The John Bates Clark Medal is considered by many in the profession as the “most important” award aside from the Nobel Prize, according to Alan Auerbach, chair of the campus’s department of economics. Each year in April, the American Economic Association, or AEA, awards the medal to an American economist under the age of 40 who has made the “most significant contribution to economics thought and knowledge,” according the AEA’s website.
Nakamura said she recalled feeling “a little bit blown away” when she heard that she had won the award. She said she has been recently focused on discovering new sources of data for studying monetary and fiscal policy. According to Nakamura, macroeconomists have historically drawn on traditional aggregated data sources such as the gross domestic product and the consumer price index, or CPI.
“That’s what’s distinctly innovative about the work — it’s helped broaden the set of data sources and set of empirical methods,” said Jón Steinsson, chancellor’s professor of economics and co-author on much of her work.
For example, when researching price changes, Nakamura said she discovered files at the U.S. Bureau of Labor Statistics that included data dating back to the 1970s — a period of relatively high inflation. According to Nakamura, looking at individual price data underlying the CPI has allowed her to test theories of inflation in ways that she could not using the aggregate data alone.
Nakamura is the third faculty member within the campus’s economics department to win this award. Auerbach noted that although Nakamura only became a faculty member last summer, she has already made important contributions in areas of macroeconomics through “careful, innovative” analysis of lower-level data rather than data from the national level.
“People in the profession already knew that she’s an exceptional economist,” Auerbach said. “(The award) is an important signal by the profession of the importance of her work.”
Vice Provost for the Faculty and economics professor Benjamin Hermalin cited the “great importance” of Nakamura’s work on price setting, monetary policy and fiscal policy, which he added has provided some of the “most convincing analysis to date” on how fiscal policy affects the economy.

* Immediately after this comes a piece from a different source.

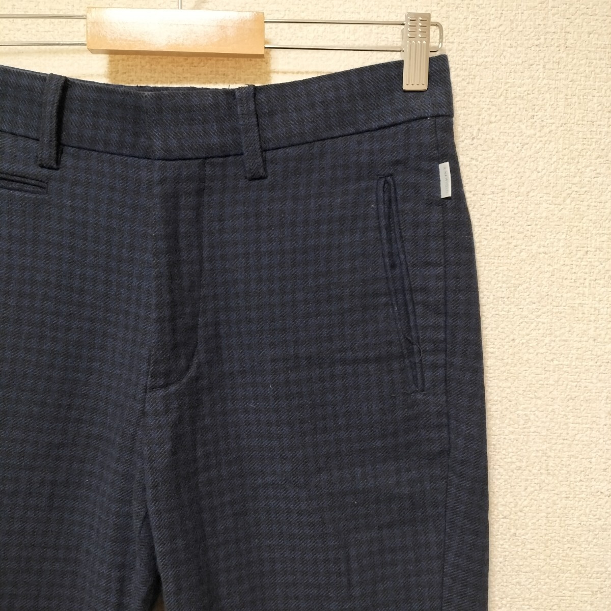 > ★R.NEWBOLD アールニューボールド ウールコットンパンツ スラックス チノパン NAVY チェック柄 高級生地 MOON社製仕様 ポールスミス 古着

According to Nakamura, she uses “natural experiments” to study fiscal policy, as it’s generally “not possible” for macroeconomists to carry out randomized controlled experiments. Nakamura and Steinsson used national military buildups and drawdowns as a natural experiment to study the effects of fiscal stimulus, as different states are exposed in different ways to national military spending.
“The Clark medal is given to someone who has made major and significant — field-changing — impacts on the field of economics,” Hermalin said in an email. “Emi has done that.”